Problem solved, no more help needed
(edited 13 years ago)
Reply 1
There aren't any functions of functions here. gfg \circ f means the function such that gf(x)=g(f(x))g \circ f (x) = g(f(x)) - i.e. function composition.
Reply 2
I assume you mean g: B -> C

Assume f is not injective, so there are distinct a, b in A such that f(a)=f(b). What is g o f (a)? How about g o f (b)? What does this mean for g o f?
Reply 3
Original post by Hopple
I assume you mean g: B -> C

Assume f is not injective, so there are distinct a, b in A such that f(a)=f(b). What is g o f (a)? How about g o f (b)? What does this mean for g o f?
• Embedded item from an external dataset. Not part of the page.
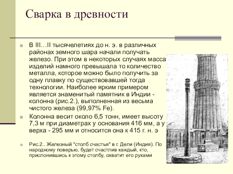 земного шара начали получать железо. При этом в некоторых случаях масса изделий намного превышала то количество металла, которое можно было получить за одну плавку по существовавшей тогда технологии. Наиболее ярким примером является знаменитый памятник в Индии - колонна (рис.2.), выполненная из весьма чистого железа (99,97% Fe).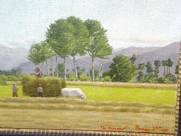 "Il Maggengo 1935 -Attissano-Busca" dipinto olio su tela cm 34 x 44 , più cornice, del pittore Stefano Bargis ( Busca 1916 - 1999). Firma, titolo e data in basso a destra. Titolo, anno e località al retro. Con etichetta dell'esposizione alla mostra "Stefano Bargis-opere inedite-Busca, museo Casa Francotto 12-2016 . Si garantisce autenticità e provenienza. Si rilascia ricevuta fiscale.

ah yes thanks , (i) completed with that hint :smile:
i'm still not sure about (ii) however, i can understand that if g o f is surjective then f must have a range of (-infinity, infinity) which covers the requirement where g must be able to take any input b, where b(is a member of)R , am i missing a key formula/identity which explains this?
Reply 4
Firstly, the range need not be (-infinity, infinity). A could be {1,2,3,7}, B could be {2,3,4,8} and C could be {4,5,6,10} with f(x)=x+1, and g(x)=x+2. There needn't even be an algebraic map, nor the sets be of numbers.
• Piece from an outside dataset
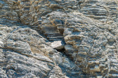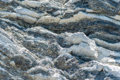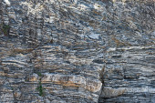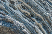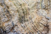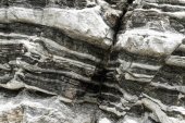 Siła natury skompresowane pęknięte warstwy skalne struktury tworzące zbliżenie szczegóły, w różnych kształtach, kolorach, grubościach, na południowym środkowym wybrzeżu Krety, Grecja. Natura, koncepcja nauki geologicznej

This proof is more by definition than the last, what does g o f surjective mean about any element in C, and elements in A? What does f do to those elements in A?
Reply 5
Original post by Hopple
Firstly, the range need not be (-infinity, infinity). A could be {1,2,3,7}, B could be {2,3,4,8} and C could be {4,5,6,10} with f(x)=x+1, and g(x)=x+2. There needn't even be an algebraic map, nor the sets be of numbers.

This proof is more by definition than the last, what does g o f surjective mean about any element in C, and elements in A? What does f do to those elements in A?
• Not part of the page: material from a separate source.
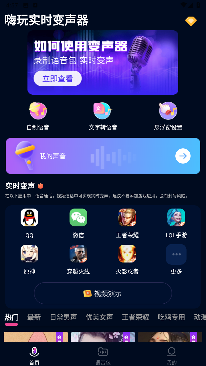 嗨玩实时变声器采用全新变声算法,效果更丰富自然,包含小男孩,小女孩,男青年,女青年等系统预设变声效果,支持自定义设置变声参数,DIY个性化声音,海量的火爆语音包,非常适合各大游戏和聊天软件中使用。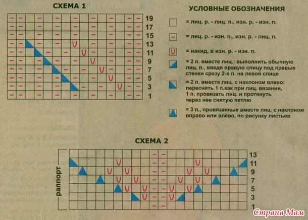 Узор № 1: вязать по схеме № 1, в изнаночных рядах петли и накиды вязать изнаночными;

hmm g o f surjective would mean that every element in C is related to at least one element in A,
but then the wording gets messy... :p:
and since f:A->B , g:B->C must also be surjective (i can understand it in my head, but how to word it..!)
Reply 6
Well, g o f surjective means for any c in C, there's an a in A that is mapped to it. But then f means there's a b in B that is f(a). Then g(b) = c, and you've proven surjectivity of g.